An important component of ACT-R’s subsymbolic system are the equations governing the retrieval of memory traces (i.e., of chunks). Altogether, these equations cast memory as an information-processing device that systematically exploits the statistical patterns of occurrence of stimuli in the world. Specifically, memory can be thought of as inferring the probability that a memory trace of stimuli will be needed, on the basis of the history of past encounters with those stimuli, in order to achieve future processing goals. The history of past encounters, in turn, probabilistically hinges on patterns of occurrence of those stimuli in the world. For instance, we are more likely to learn about car brands and cities that occur more often in the media. In real-world environments, patterns of the past occurrence of stimuli are predictive of future ones (e.g., J. R. Anderson & Schooler, 1991; Schooler & Anderson, 1997). To illustrate this, the more often an object (e.g., a name) has been mentioned in the news in the past, the more likely it is that this object will be mentioned again in the future. Similarly, the longer it has been since an object has last been mentioned, the less likely it is that the object will be mentioned again in the future. These lawful relations in information occurrence in the environment allow memory to guide current information-processing demands—for example, by retrieving memory traces of recently encountered stimuli more quickly, or by setting aside (i.e., forgetting) information that has been encountered infrequently or a long time ago.

Specifically, in ACT-R each chunk i has an activation, Ai, associated with it that quantifies the strength of that memory trace. Activation models the likelihood that a chunk is needed to achieve a given processing goal at the current moment. Activation itself is fed by three subcomponents—the chunk’s base-level activation, Bi, the spreading activation, SAi, and noise, ε:

$$ {A}_i={B}_i+{SA}_i+\varepsilon . $$
(1)

The base-level activation is a function of the chunk’s history:

$$ {B}_i=\ln {\sum}_{k=1}^n{t}_k^{-d}, $$
(2)

where the decay parameter, d, specifies the rate forgetting over time, which is modeled in terms of a power function. The parameter n represents the number of encounters with the information that chunk i represents, and tk is the time since the kth encounter. The latter two parameters capture the history of encountering stimuli in the world.
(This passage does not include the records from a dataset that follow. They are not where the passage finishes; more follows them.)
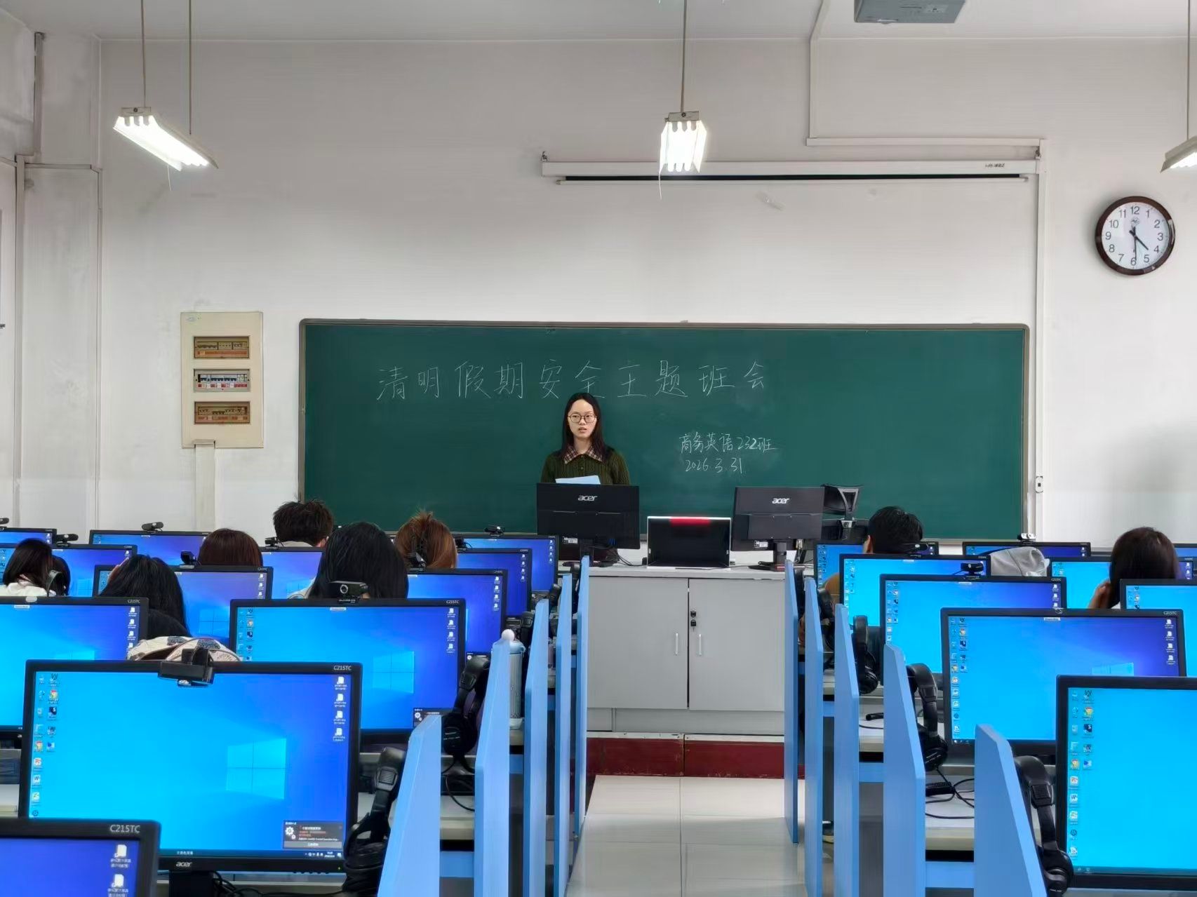 班会上,各班组织班级同学认真学习并签订了《外国语学院2026年清明假期学生安全承诺书》。
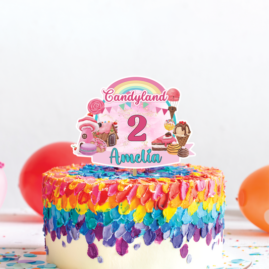 Personalized Cake Toppers for a Candy Land Themed Celebration
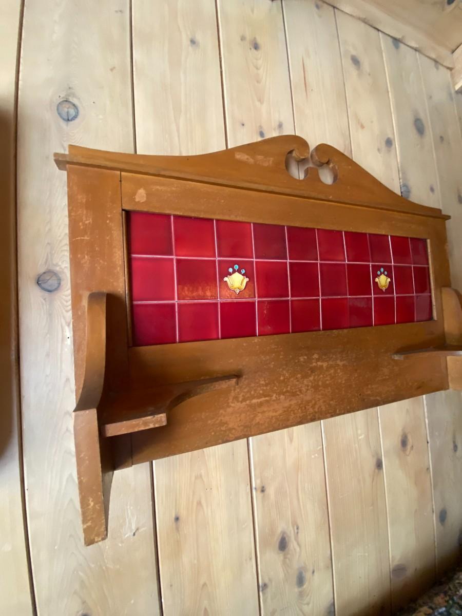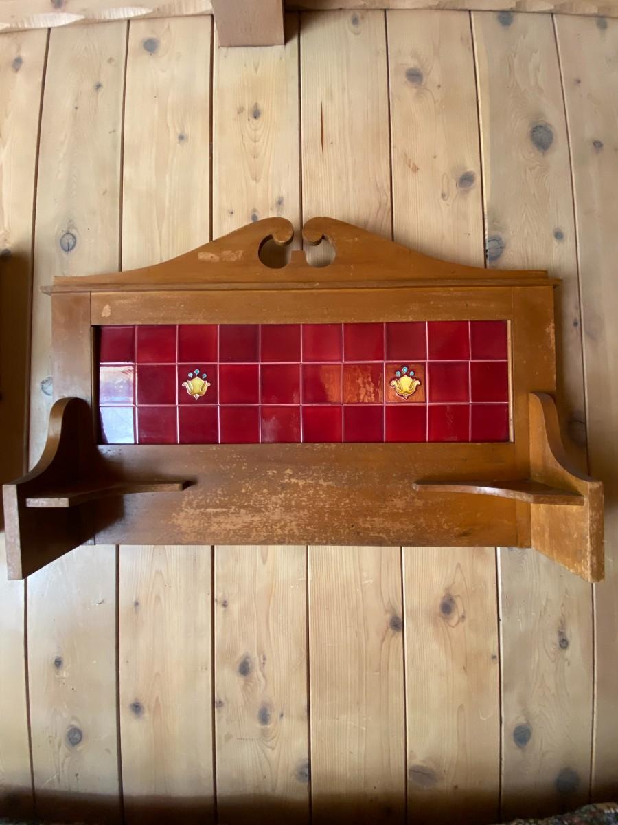 Vintage Wood with Corner Shelves and Red Tile Wall Art
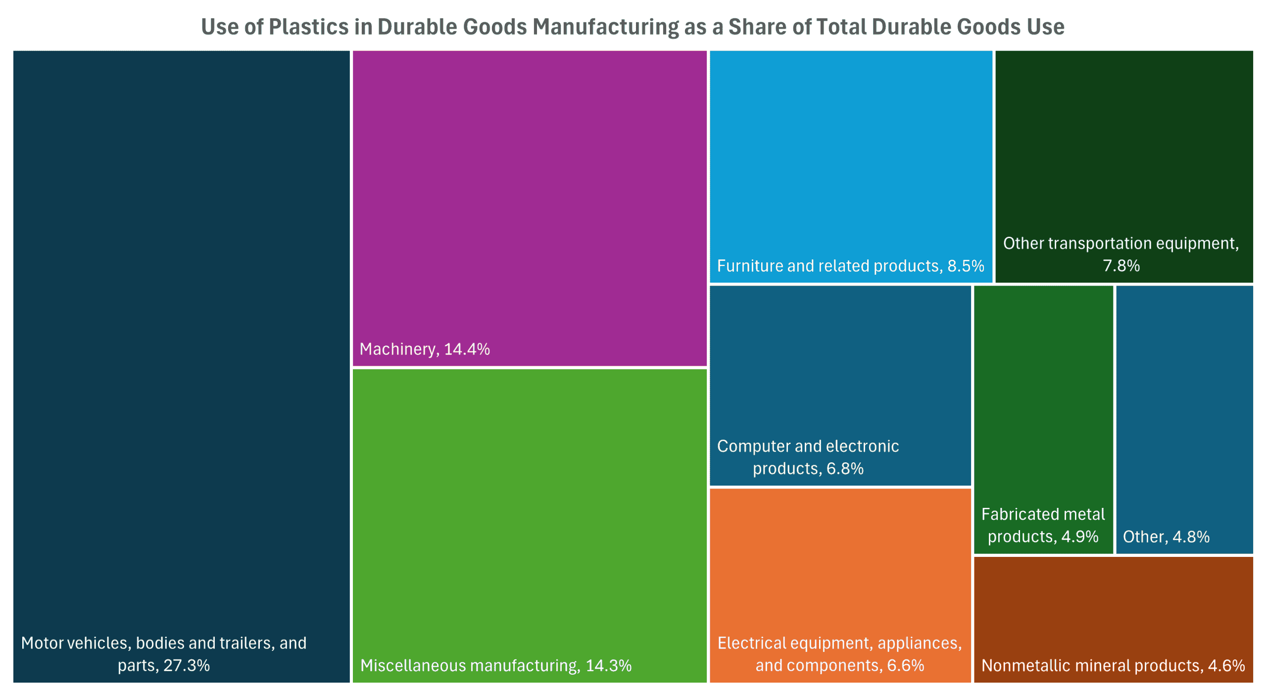 Motor vehicles, bodies and trailers, and parts manufacturing used 27.3 percent of plastics used in durable goods manufacturing, while machinery manufacturing used 14.4 percent.
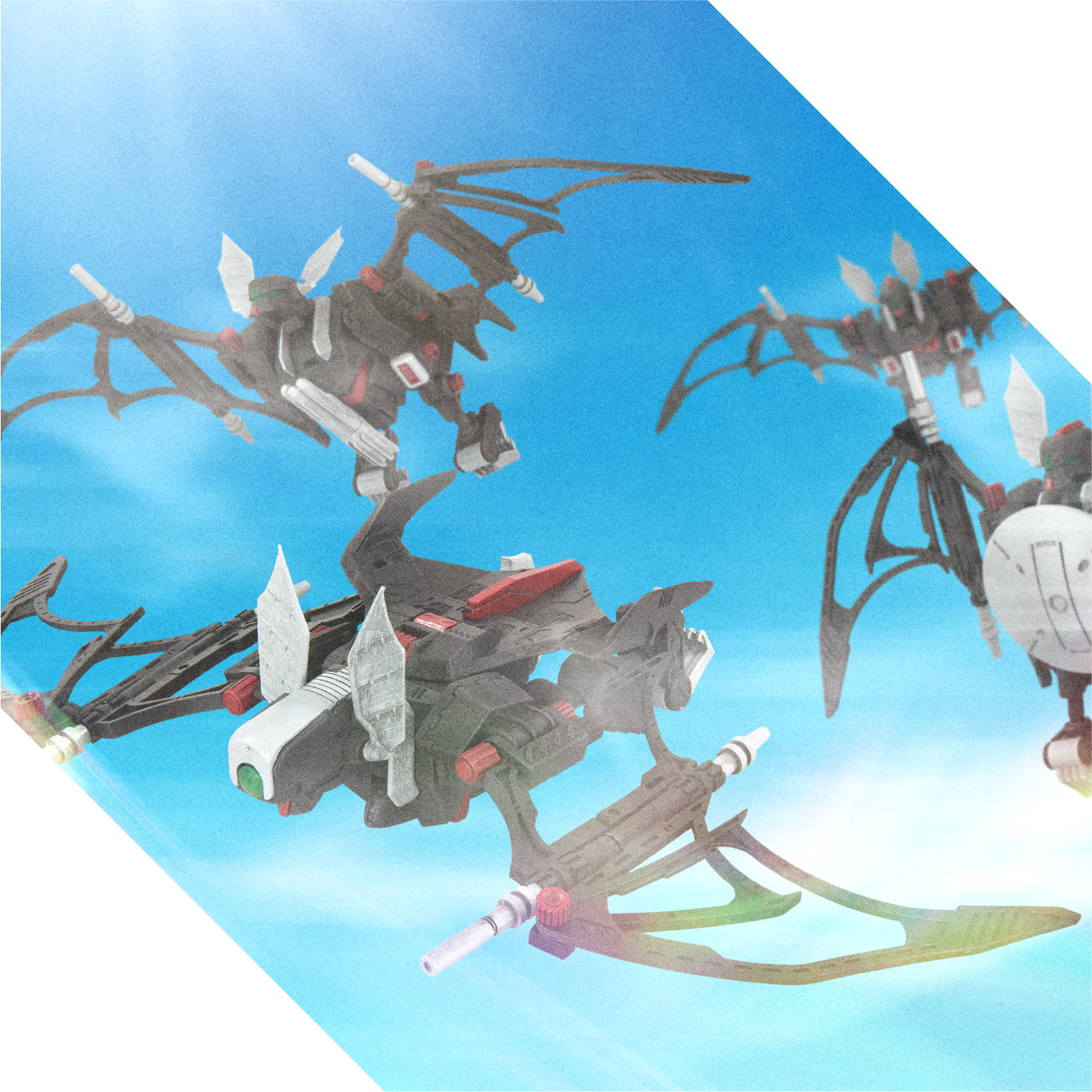 「RMZ-020 ザバット」に多数のパーツを追加した豪華仕様。 ホーミングボムに装備可能なAZ3連装空対空ミサイルとレドーム、懸垂状態で展示可能なハンガーパーツ、飛行状態で浮かせての展示が可能なディスプレイスタンドがオプションパーツとして付属。

SAi quantifies a chunk’s relevance in the current context by assuming that chunks related to what is currently the focus of attention are more likely to be needed than those that are not. In ACT-R, context is modeled as all chunks currently stored in the buffers. Thus, spreading activation to chunk i in declarative memory is a function of the associations between that chunk and the chunks j currently in the buffers:

$$ S{A}_i={\sum}_j{W}_j{S}_{ji}. $$
(3)

The amount of spreading activation SAi is determined by the associative strength, Sji, between chunks i and j, which is weighted by the source activation, Wj, of chunk j in a buffer. The associative strengths, Sji, between chunks is approximated by

$$ {S}_{ji}=S-\ln \left({fan}_j\right), $$
(4)

where S denotes the maximum associative strength and fanj is the number of other chunks associated with a chunk j. The more chunks are associated with a chunk in memory, the lower the associative strength between it and each of its associates becomes.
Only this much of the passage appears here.